Rotterdam 1987: the once and future cinema

From Sight and Sound (Spring 1987). –- J.R.

The Rotterdam Festival is gradually expanding in scope and attendance, while its survival seems to become increasingly polemical and precarious. Now in its 16th edition, the festival continues to honor its director Hubert Bals’ stubborn, utopian precept that, ‘An audience should be found for a film, not a film for an audience.’

Thus, while Libération critic Serge Daney was lecturing persuasively on the growing impossibility of critics mediating between films and audiences, it was possible to watch a videotape, Joan Does Dynasty, in which New York critic Joan Braderman, with the aid of Manuel De Landa’s computer graphics, does precisely that for the TV series.She appears in front of Dynasty in different sizes, shapes and positions, from diverse angles and with varying degrees of transparency, and delivers an exuberant, madcap critique of the show.

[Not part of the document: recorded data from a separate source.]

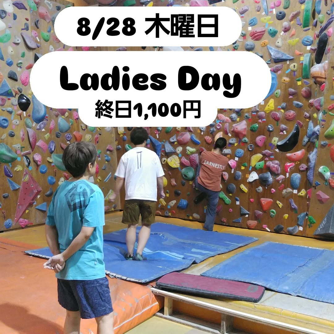 本日はレディースデイ 女性のお客様は終日1,100円 『木曜日』は女性のお客様は終日お得に登れます 8月最後の Ladies Day 、昨日はカッコいい素晴らしいトライがたくさんッ もう少しで…
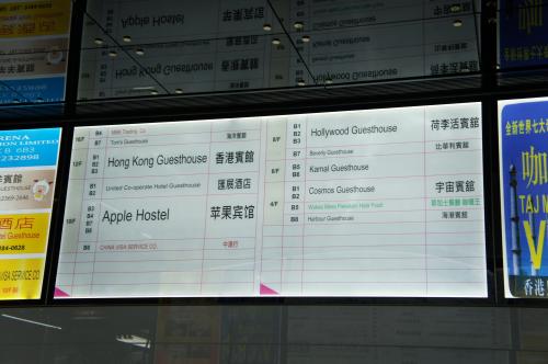 Middle Road / Nathan Road bus stopで下車し、大通りを歩いて3分。正面に大きな電光掲示板があるのが重慶大厦。このビル内部にある蘋果賓館-Apple Hostel(US$25/night)にチェックイン。
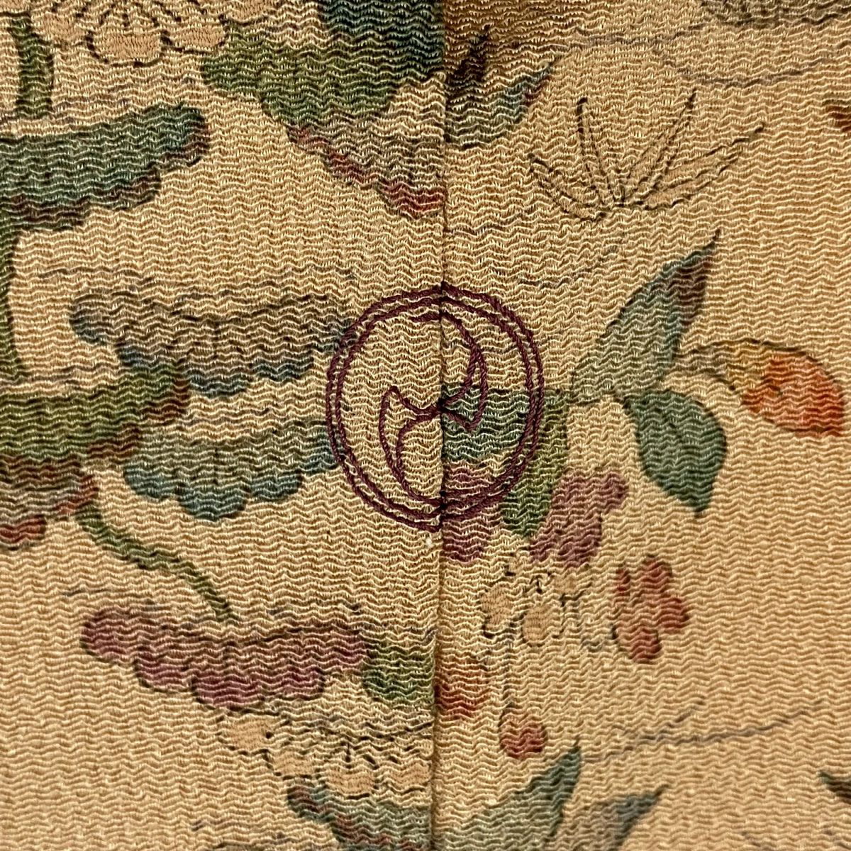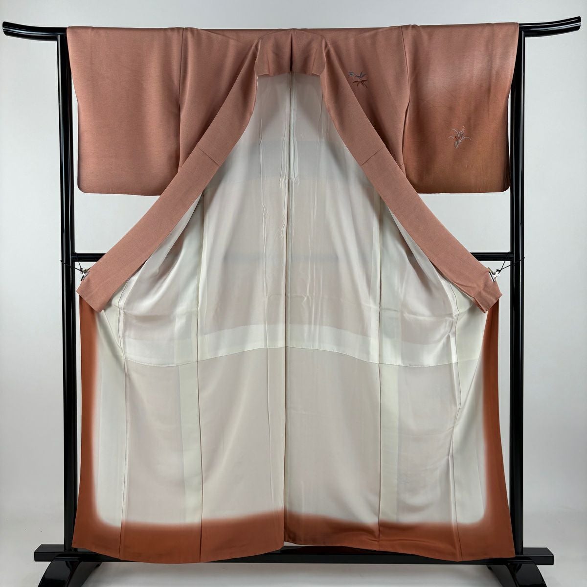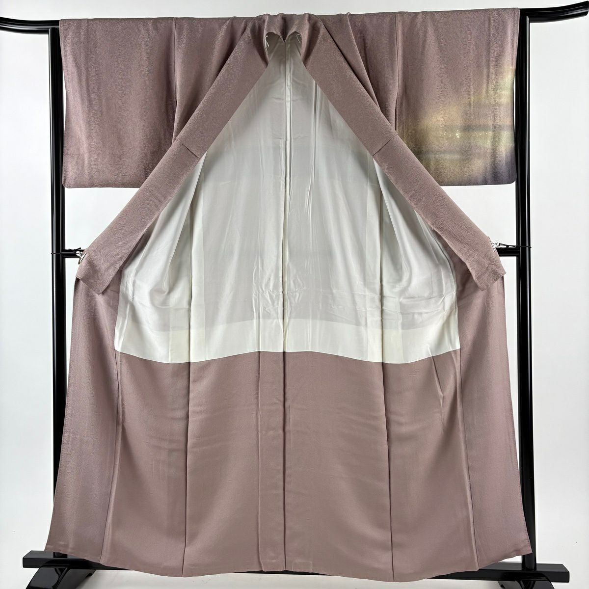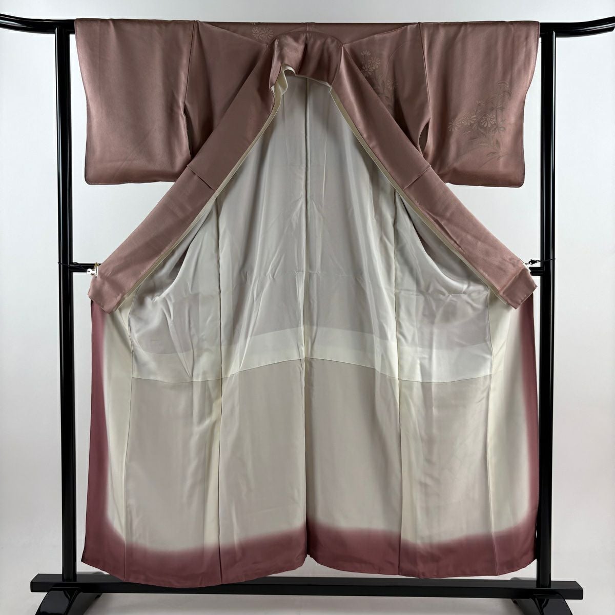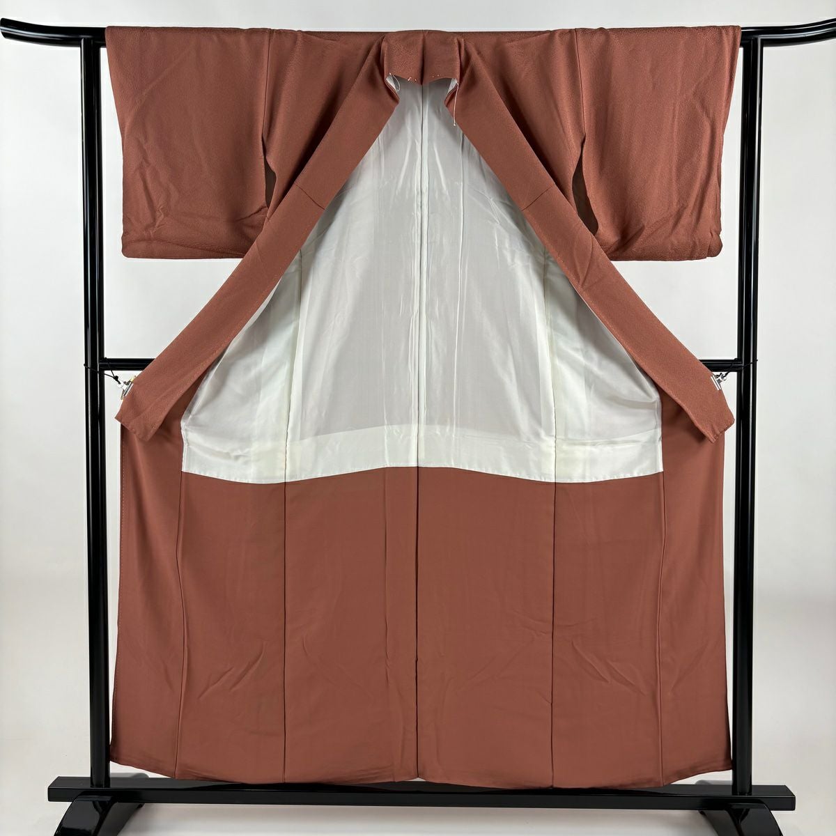 【在庫一掃】 色無地 身丈157.5cm 裄丈61.5cm S 袷 落款あり 地紋 薄小豆 正絹 優品 一つ紋

Part of a cycle of low-budget, leftist media critiques known as Paper Tiger Television which appears on us public access cable and boasts more than a hundred titles in its catalogue, Braderman’s pungent intellectual stand-up is the likely formal masterpiece of a variable, slapdash series ranging from the unfocused and obvious (Peter Wollen on the U.S. press in general) to the razor-sharp and subtle (Herb Schiller on the New York Times‘ foreign coverage).

Another form of instruction came from the Jim McBride retrospective, charting the checkered career of the one-time New York independent who began in the shadow of the New Wave with David Holzman’s Diary (1967) and eventually entered the Hollywood mainstream with his Breathless remake (1983), followed by the more confident (and more conventional) The Big Easy, a sexy crooked cop story set in New Orleans with only a nodding relation to his early work.

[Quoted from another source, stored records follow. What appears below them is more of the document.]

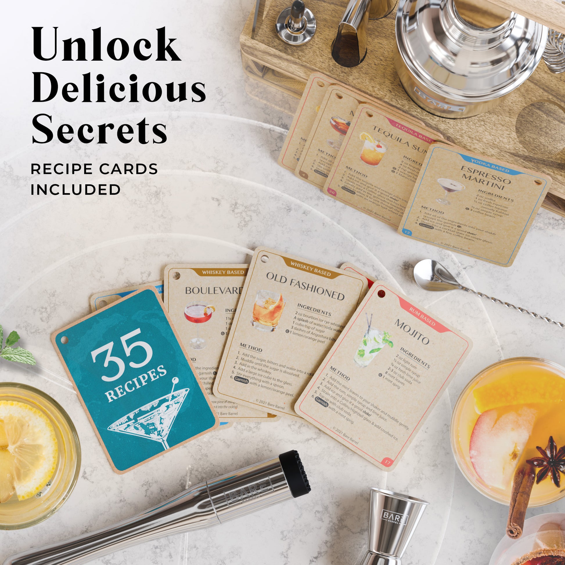 Bartending has never been this easy! Craft cocktails like a professional with Bare Barrel's easy-to-follow recipe cards so you can boast your mixology skills at your next party with our martini shaker set. -
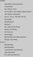 Als Zugabe gibt es in der Folge mit „Methämmer“ den Titeltrack des aktuellen Albums, bevor mit „Wikingerblut“ eine weitere Stufe der Partyrakete gezündet wird. „Liga Des Mets“ und „Ein Held Ist
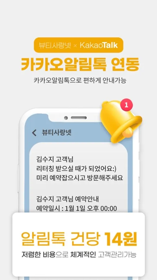 카카오 알림톡 발송 가능! 알림톡 비용 14원! 업계 최저!
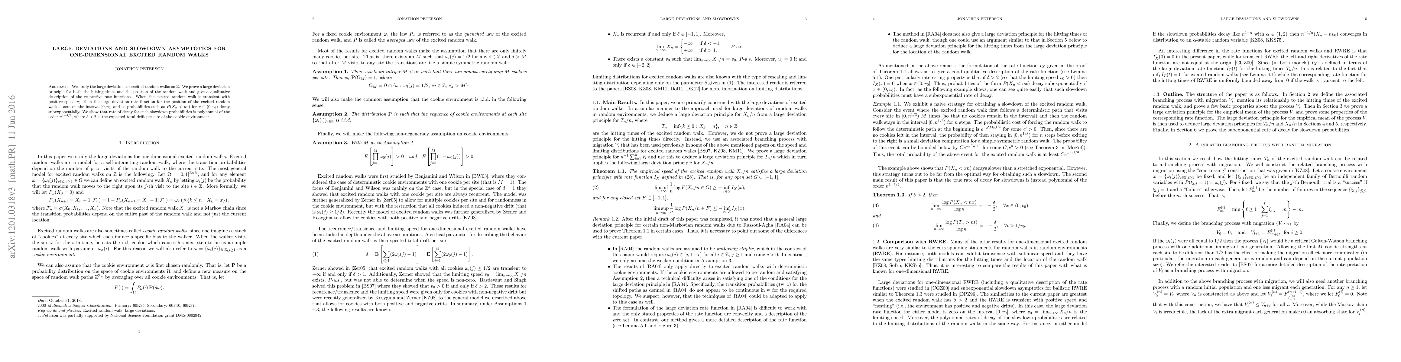 This paper investigates large deviations in one-dimensional excited random walks, proving a large deviation principle for hitting times and positions. It finds that when the walk is transient, probabilities of slow progress decay subexponentially with a polynomial rate dependent on the expected drift.
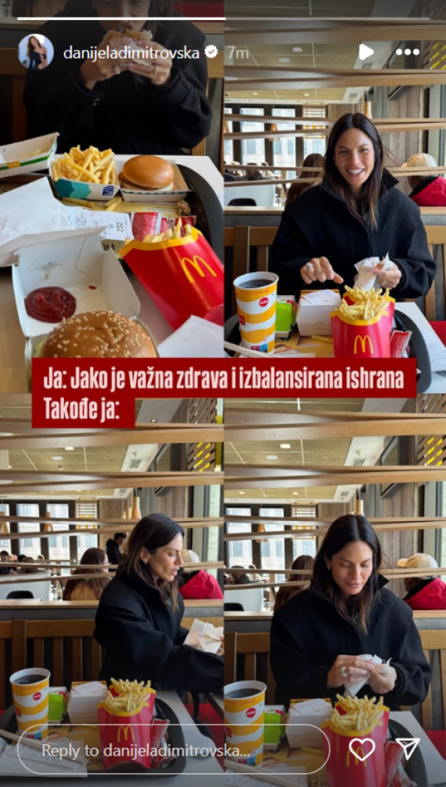 Situacije u kojima izgubi kontolu vrlo su retke, zbog čega je sve iznenadilo kada je nedavno uslikana sa sočnim burgerom i pomfritom. U opisu fotografije bivša manekenka, danas voditeljka i vlasnica modne agencije, napisala je da ona želi da jede uvek izbalansirano ali da je i ona čovek od krvi i mesa koja ume da pogreši.

The kicker in the series, however, was The Once and Future King, a recent half-hour Twilight Zone episode that powerfully illuminates the closed circuits of the Hollywood recycling machine and the Reaganite nostalgia which fuels it. An Elvis impersonator of the 80s is magically transported back to Memphis 1954, accidentally kills his idol, and winds up cutting Elvis’ first record himself. He then spends the rest of his guilt-ridden life trying to live up to the legend he has created, retreating into drugs and paranoia as he realizes he can never do the King full justice. A poignant rendering of the process by which Hollywood from Star Wars to Blue Velvet forecloses any autonomous grounds for a present or future, the show is itself eerily framed (as usual) by off-screen commentary from a Rod Serling imitator — further suggesting that the once and future cinema can emerge from its cage only by learning to reoccupy the present.

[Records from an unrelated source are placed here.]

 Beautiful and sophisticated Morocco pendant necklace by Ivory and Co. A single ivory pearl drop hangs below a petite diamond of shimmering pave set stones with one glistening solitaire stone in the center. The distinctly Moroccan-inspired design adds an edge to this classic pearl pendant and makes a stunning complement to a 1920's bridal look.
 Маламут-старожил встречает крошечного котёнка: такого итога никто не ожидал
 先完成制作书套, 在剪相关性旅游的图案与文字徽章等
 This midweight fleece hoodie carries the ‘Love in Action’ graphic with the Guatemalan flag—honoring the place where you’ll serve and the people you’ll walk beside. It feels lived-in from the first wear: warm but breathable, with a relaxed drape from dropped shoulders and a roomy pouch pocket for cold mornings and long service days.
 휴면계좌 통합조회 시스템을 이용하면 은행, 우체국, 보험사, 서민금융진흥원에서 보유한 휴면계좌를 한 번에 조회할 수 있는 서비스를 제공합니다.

Sara Driver’s ravishing deadpan comedy Sleepwalk does just that, but at the cost of many unfashionable refusals. This nocturnal Rivettean fantasy about a stolen Chinese manuscript in lower Manhattan shares the same compositional beauty and rigor and the same oddly striking actress (Suzanne Fletcher) as Driver’s featurette You Are Not I, but almost none of the narrative momentum which sharpened the earlier film to a prickly point. Opting for poetry over prose and mood over logic, Sleepwalk fashions a luminous, original and very contemporary night city out of a curious dispersal of spare parts: a vain French woman suddenly losing all her hair, an executive barking on the street, unmanned copying machines assuming a life of their own, vanishing fingers and documents. Insofar as it uses plot almost exclusively as a pretext for producing images, sounds and characters, it seems to have little hope of U.S. distribution, despite a Georges Sadoul prize and Mannheim award already under its belt.

Along with Leandro Katz’s The Visit (half an hour of metaphysical paranoia which more or less does for Manhattan what Welles’ The Trial did for Zagreb) and Tian Zhuangzhuang’s The Horse Thief (a beautiful mainland Chinese spectacle of Tibetan death ceremonies and the cold cruelty of landscapes that evokes The Savage Innocents and early Paradjanov), Sleepwalk carries a charge that is above all visceral, largely through the musical modulations of the lighting.

Raul Ruiz’ Mammame turns a Wellesian rhetoric (wide and low angles, deep focus and shadows) on Jean-Claude Gallotta’s spirited dance group, with a camera which seems to change position almost as often as the dancers. Playing with plasticity itself, Mammame contrives to make one even more aware of the floor than one is in an Ozu film — perhaps because it usually remains the only fixed anchor to an endlessly mutable overhead space. Brilliantly achieving the maximum out of a minimal assignment, Mammame gets by without need of a single subtitle; if there is any justice in the world beyond Rotterdam, audiences should be found for this film in diverse corners across the map.